__Problem requirements__.
Return only these lines: the one that contains "Olvad a hólepel, olvad a jég, ebben az életben láfiak-e" and every line after it through the end of the listing, exactly, without pictures.

__Data below__.
————————

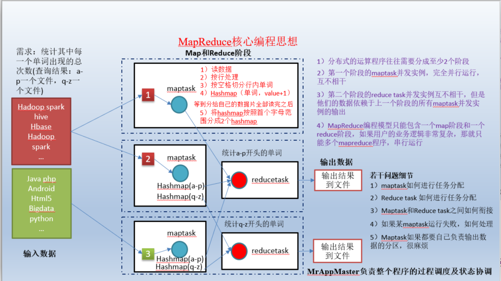 第一个阶段的maptask并发实例,完全并行运行,互不相干。- 第二个阶段的reduce task并发实例互不相干,但是他们的数据依赖于上一个阶段的所有maptask并发实例的输出。
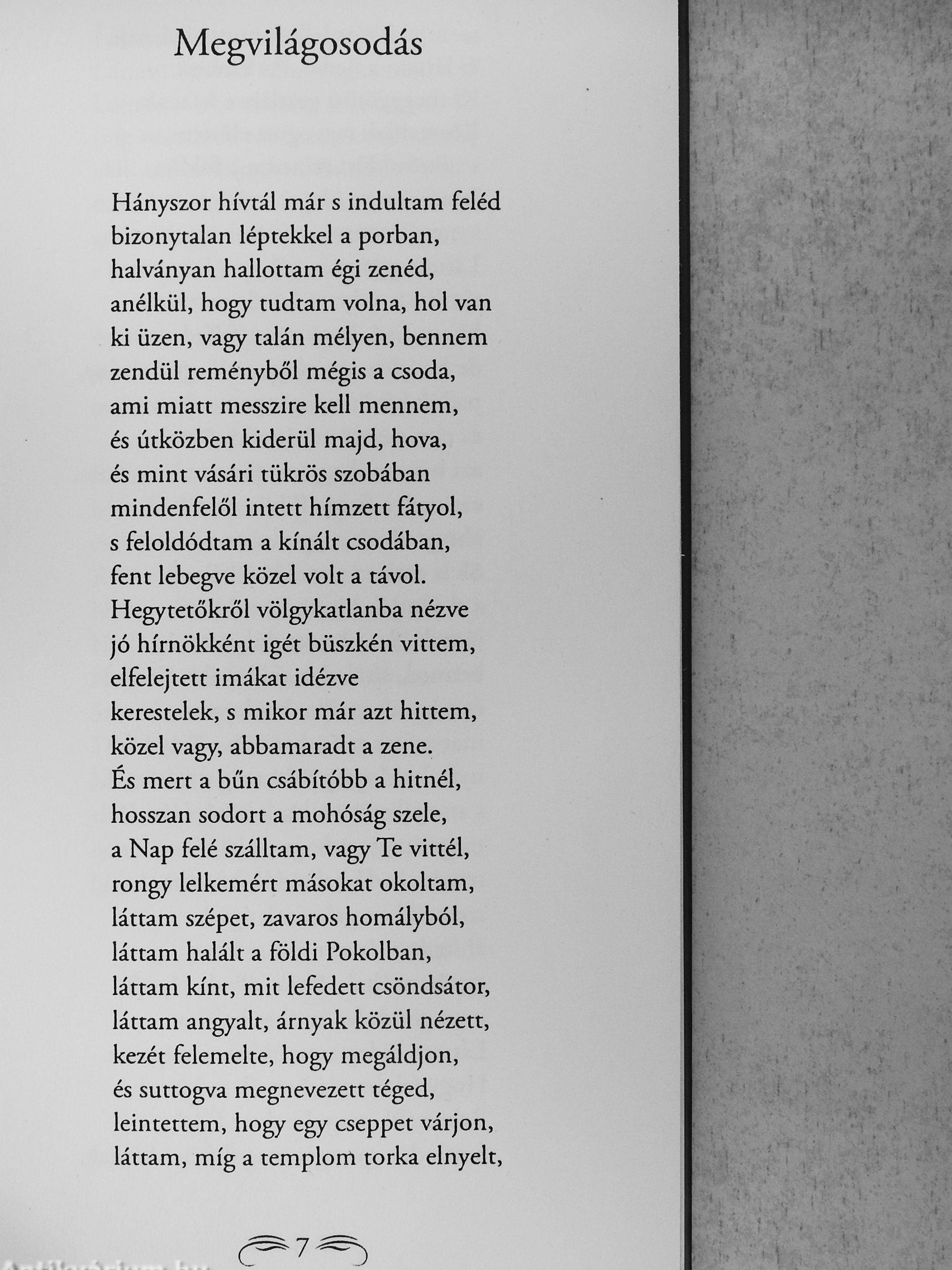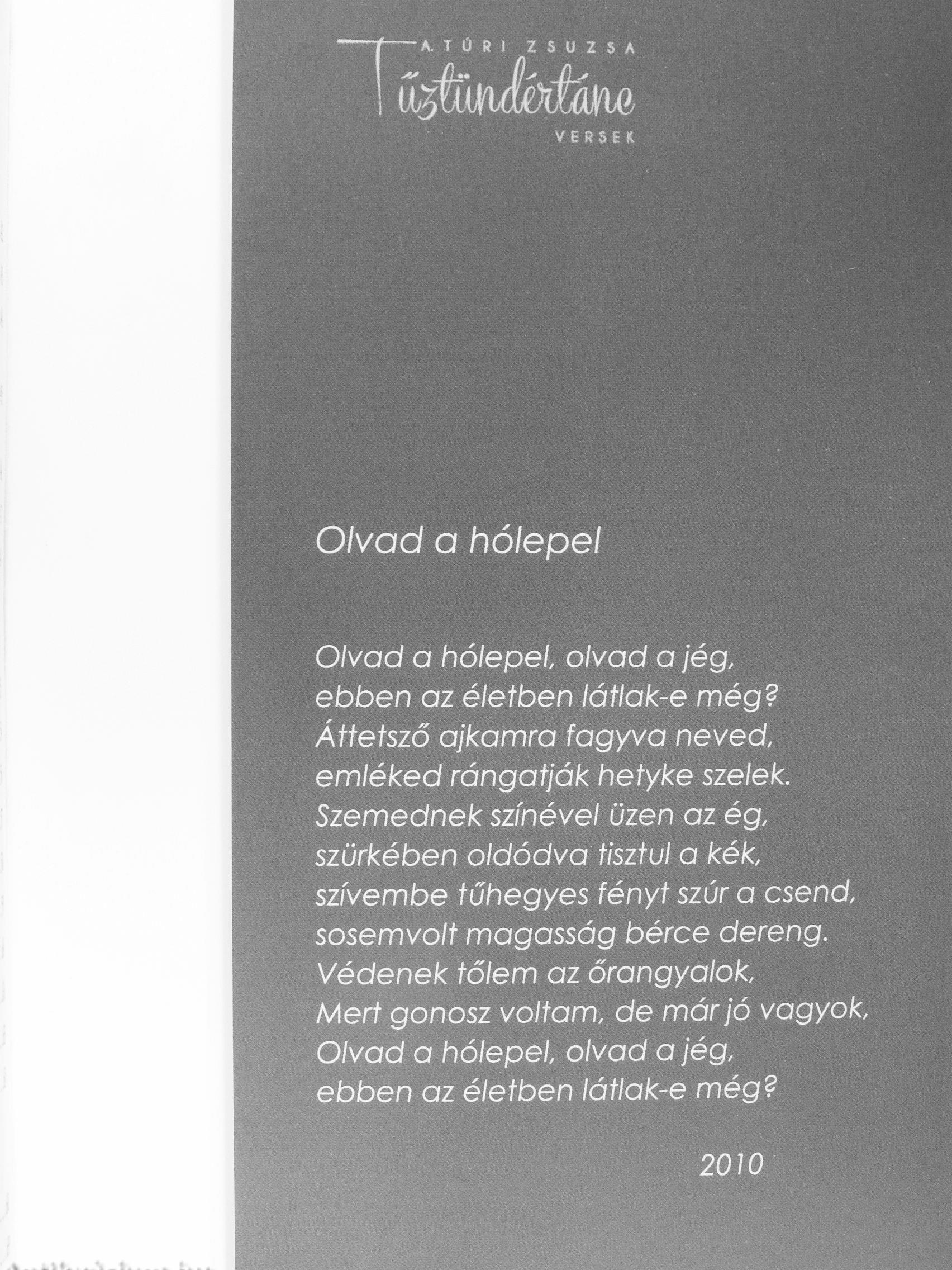 Olvad a hólepel, olvad a jég, ebben az életben láfiak-e még? Áttetsző ajkamra fagyva neved, emléked rángatják hetyke szelek. Szemednek színével üzen az ég, szürkében oldódva tisztul a kék, szívembe tűhegyes fényt szúr a csend, sosemvolt magasság bérce dereng. Védenek tőlem az őrangyalok. Mert gonosz voltam, de már jó vagyok. Olvad a hólepel, olvad a jég, ebben az életben látlak-e még?
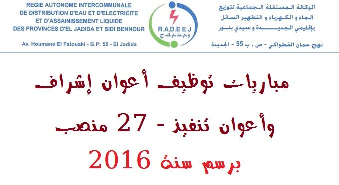 الوكالة المستقلة الجماعية لتوزيع الماء والكهرباء بالجديدة: المدعويين لمباراة لتوظيف 24 عون إشراف يوم 02 أكتوبر 2016

————————

__Exercise output__.
 Olvad a hólepel, olvad a jég, ebben az életben láfiak-e még? Áttetsző ajkamra fagyva neved, emléked rángatják hetyke szelek. Szemednek színével üzen az ég, szürkében oldódva tisztul a kék, szívembe tűhegyes fényt szúr a csend, sosemvolt magasság bérce dereng. Védenek tőlem az őrangyalok. Mert gonosz voltam, de már jó vagyok. Olvad a hólepel, olvad a jég, ebben az életben látlak-e még?
 الوكالة المستقلة الجماعية لتوزيع الماء والكهرباء بالجديدة: المدعويين لمباراة لتوظيف 24 عون إشراف يوم 02 أكتوبر 2016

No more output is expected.